§ Requirement
Could you write out, exactly as they stand, only the lines in the listing below from the line with "English School Early" to the line with "图1是近3个月内ETH的CB", both ends included, without the pictures?

# # #

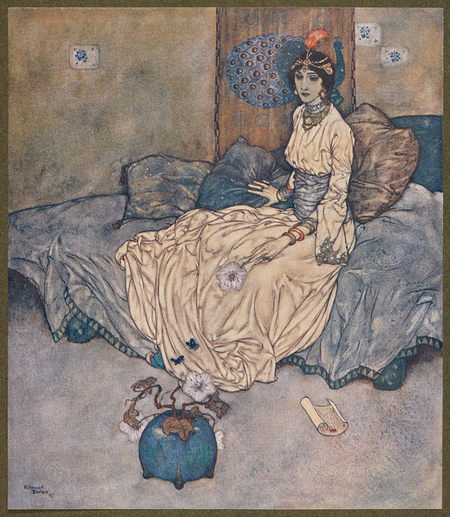 Scheherazadè, the heroine of the Thousand and one Nights, ranks among the great story-tellers of the world much as does Penelope among the weavers. Procrastination was the basis of her art; for though the task she accomplished was splendid and memorable, it is rather in the quantity than the quality of her invention—in the long spun-out performance of what could have been done far more shortly—that she becomes a figure of dramatic interest. The idea which binds the stories together is greater and more romantic than the stories themselves; and though, both in the original and in translation, the diurnal interruption of their flow is more and more taken for granted, we are never quite [Pg vi]robbed of the sense that it is Scheherazadè who is speaking—Scheherazadè, loquacious and self-possessed, sitting up in bed at the renewed call of dawn to save her neck for the round of another day. Here is a figure of romance worth a dozen of the prolix stories to which it has been made sponsor; and often we may have followed the fortunes of some shoddy hero and heroine chiefly to determine at what possible point of interest the narrator could have left hanging that frail thread on which for another twenty-four hours her life was to depend.
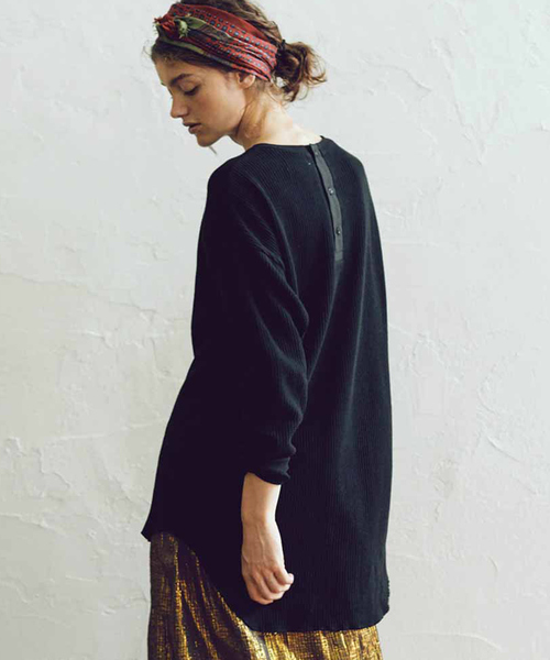 デイリーに使いたい綿100%の快適サーマル ゆったりめのドロップショルダーや、腰まわりが気にならない後ろ長な丈。ミリタリーアイテムとしての起源を持つサーマル素材の丈夫さや機能性を享受しつつ、デイリーに使える女性らしいデザインに。背中のボタン開きが後ろ姿のアクセント。
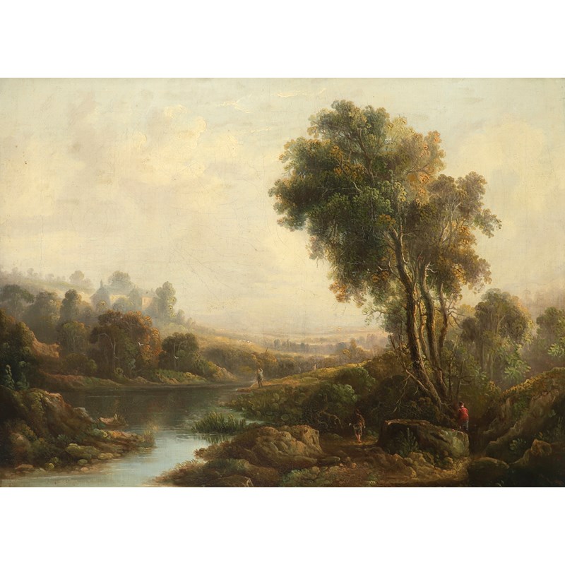 English School Early 19th Century River landscape with figures on the bank Oil on canvas 45.5 x...
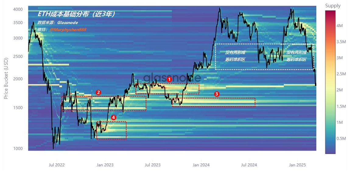 图1是近3个月内ETH的CBD数据。首先我们可以看到在标注1的红色虚线框中有一段密集的筹码堆积区,这些地址里都是在25年1月到2月建仓的筹码,持仓成本大致在$3,200到$3,500之间。尤其是其中有段“红色”地址集群在$3,475处进行增持,合计166w枚ETH。
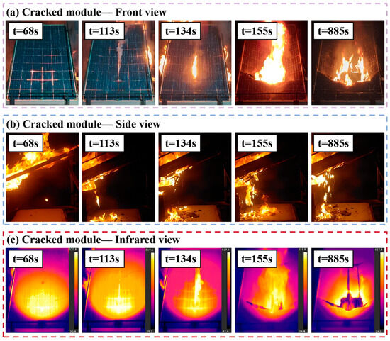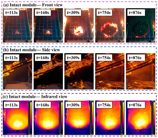 In order to achieve the goal of carbon neutrality, the installed capacity of photovoltaic (PV) modules has been increasing rapidly. In particular, single-glass PV modules are widely deployed in both utility-scale and distributed PV power generation systems. However, single-glass modules are highly susceptible to internal faults (e.g., direct current arc faults and hotspot faults) and external fire sources (e.g., wildland fires and rooftop fires), which may lead to simultaneous burning of the modules and adjacent combustibles, thereby promoting large-scale fire spread and causing severe economic losses. In this study, a dedicated experimental platform was developed to systematically investigate the fire behavior of single-glass PV modules under exposure to a pool fire. Systematic fire experiments were conducted to investigate the influence of module inclination angle and tempered glass integrity on the burning process, molten dripping flame behavior, and temperature-rise characteristics of single-glass PV modules. The results show that the integrity of the front glass has a pronounced effect on the burning behavior. At the same inclination angle, cracked modules exhibit significantly faster fire growth and higher temperature-rise rates than intact modules, while also being more susceptible to rapid burn-through by the external fire, accompanied by the generation of numerous molten dripping flames. In addition, the module inclination angle has a significant influence on the fire behavior of PV modules. As the inclination angle increases, the fire development rate, temperature-rise rate, and average burning duration of dripping flames all display a non-monotonic trend of first increasing and then decreasing, reaching their maxima at an inclination angle of 15°. These findings provide a theoretical basis for the fire protection design and fire risk assessment of PV power generation systems and are of practical significance for enhancing their operational safety.
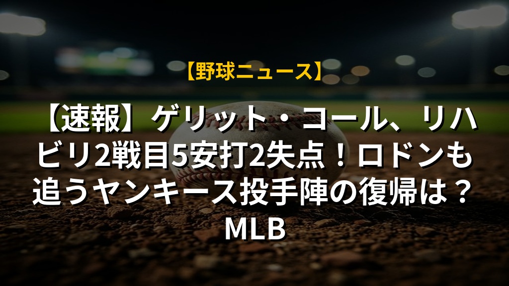 【速報】ゲリット・コール、リハビリ2戦目5安打2失点!ロドンも追うヤンキース投手陣の復帰は?MLBの注目ポイントまとめ
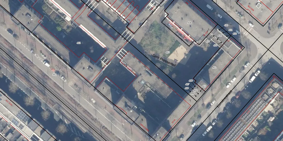 Sem Presserhof 90 is gelegen op kadastraal perceel ASD41AU441. Deze kadastrale aanduiding is uniek en wordt gebruikt door het Kadaster om eigendomsrechten en andere zakelijke rechten vast te leggen. Het perceel maakt onderdeel uit van de kadastrale gemeente Amsterdam.
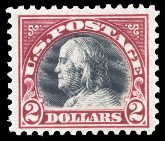 1920, $2 Franklin, carmine & black (Scott 547), fresh, o.g., very lightly hinged, almost Very Fine. Scott $125.
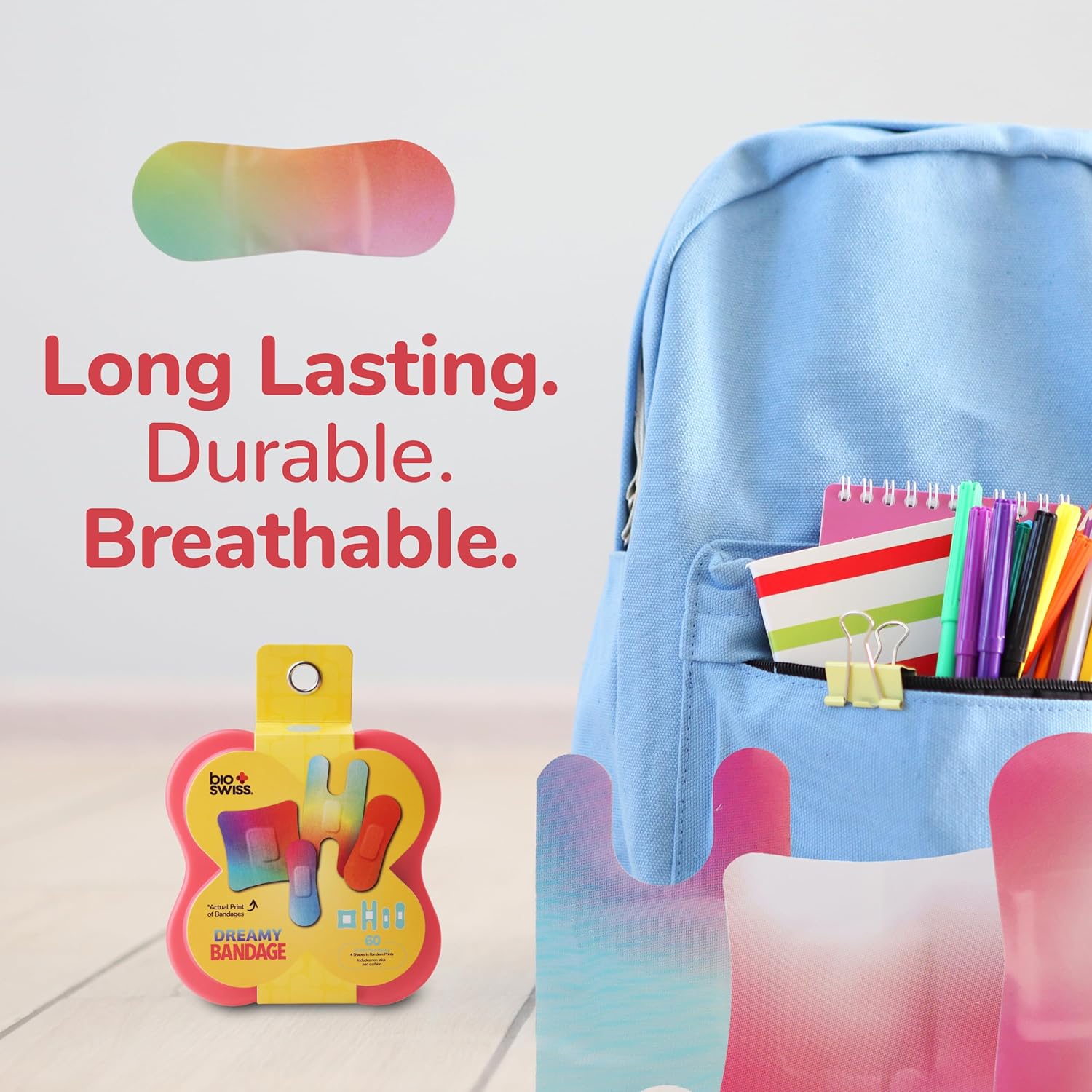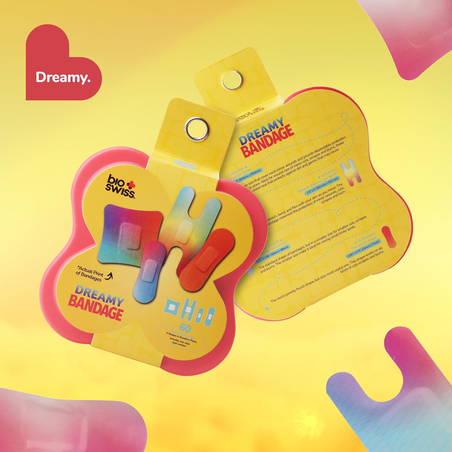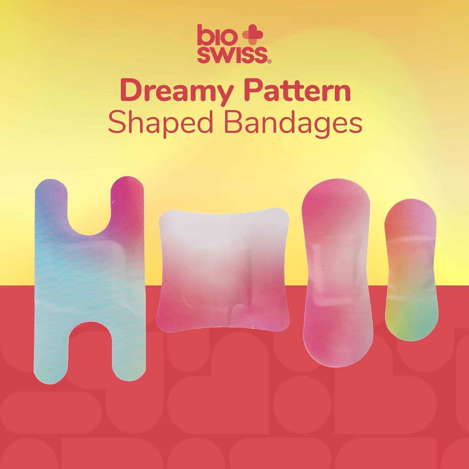 BioSwiss Bandages, Assorted Size Gradient Print Self Adhesive Bandage, Latex Free Sterile Wound Care, First Aid Kit Supplies for Kids and Adults, 60 Count

# # #

§ Answer space
 English School Early 19th Century River landscape with figures on the bank Oil on canvas 45.5 x...
 图1是近3个月内ETH的CBD数据。首先我们可以看到在标注1的红色虚线框中有一段密集的筹码堆积区,这些地址里都是在25年1月到2月建仓的筹码,持仓成本大致在$3,200到$3,500之间。尤其是其中有段“红色”地址集群在$3,475处进行增持,合计166w枚ETH。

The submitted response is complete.